Significance. If the central claim holds, the work offers a theoretically grounded approach to zero-cost validation and full data utilization in high-dimensional parametric training, with the AMP-derived state evolution providing a transparent, low-dimensional description of the dynamics. The grounding in established AMP literature is a strength, as it supplies independent justification for the recursions rather than ad-hoc fitting. The empirical narrowing of the gap on real data suggests broader applicability, though the primary value lies in the stylized regime where the identity is rigorously derived.

major comments (2)

[§4] §4, the state evolution derivation: the claim that the train-error recursion is identical to the test-error recursion after each DD iteration requires explicit verification that the Onsager correction exactly equates the effective noise variances in the reused-training view and the independent-test view. Without this matching shown for the GMM loss and gradient, the asymptotic identity does not follow from standard AMP assumptions.
[§3.2] §3.2, the decoupled update rule: the construction introduces model-dependent correlations between the gradient steps and the data; it is not shown that these correlations vanish in the high-dimensional limit with fixed aspect ratio, which is necessary to preserve the independence assumptions underlying the closed state evolution.

minor comments (2)

[Experimental section] The experimental section should report the precise procedure used to initialize or fit the state-evolution parameters on the real-data tasks (noisy MNIST, CIFAR-10), including any sensitivity analysis.
[Figures] Figure captions for the XOR and MNIST results should explicitly state the number of independent runs and the precise definition of the plotted error quantities (e.g., whether they are averaged over the state-evolution trajectory).

Simulated Author's Rebuttal

2 responses · 0 unresolved

We thank the referee for the careful reading and constructive major comments. These points highlight areas where additional explicit verification will strengthen the rigor of the derivations.

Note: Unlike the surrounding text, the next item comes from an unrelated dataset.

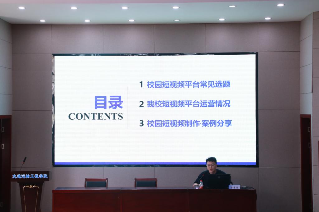 伍佩桢从微信公众号制作的时效性、典型性、真实性、原创性展开课程,详细讲解了微推内容的选题、制作形式、标题编辑等,同时也指出公众号运营存在活跃度低、过度娱乐化等问题。刘飘逸主要对校园消息稿的含义、写作要点、常见误区等进行讲述,用具体实例来说明校园竞赛稿、会议稿以及活动稿的写作方法和要求,并希望学生干部能够以严谨、细心的工作态度去撰写新闻稿。李泰儒从内容选材,角度选择,运镜形式讲授了校园短视频的制作方法,他强调要学会抓住大众的心理,把最精彩的片段放在视频的开端,才能够获得更多的播放量与点赞数,达到宣传的最佳效果。

We address each comment below and will revise the manuscript accordingly.

read point-by-point responses

Referee: [§4] §4, the state evolution derivation: the claim that the train-error recursion is identical to the test-error recursion after each DD iteration requires explicit verification that the Onsager correction exactly equates the effective noise variances in the reused-training view and the independent-test view. Without this matching shown for the GMM loss and gradient, the asymptotic identity does not follow from standard AMP assumptions.

Authors: We agree that an explicit verification of the noise-variance matching is required to complete the argument. In the revised manuscript we will insert a dedicated calculation in §4 that computes the effective noise variances for the GMM loss and gradient under both the reused-training and independent-test views. We will show that the Onsager correction term arising from the decoupled descent update exactly equates these variances, thereby confirming that the train-error and test-error recursions coincide asymptotically from the standard AMP assumptions. revision: yes
Referee: [§3.2] §3.2, the decoupled update rule: the construction introduces model-dependent correlations between the gradient steps and the data; it is not shown that these correlations vanish in the high-dimensional limit with fixed aspect ratio, which is necessary to preserve the independence assumptions underlying the closed state evolution.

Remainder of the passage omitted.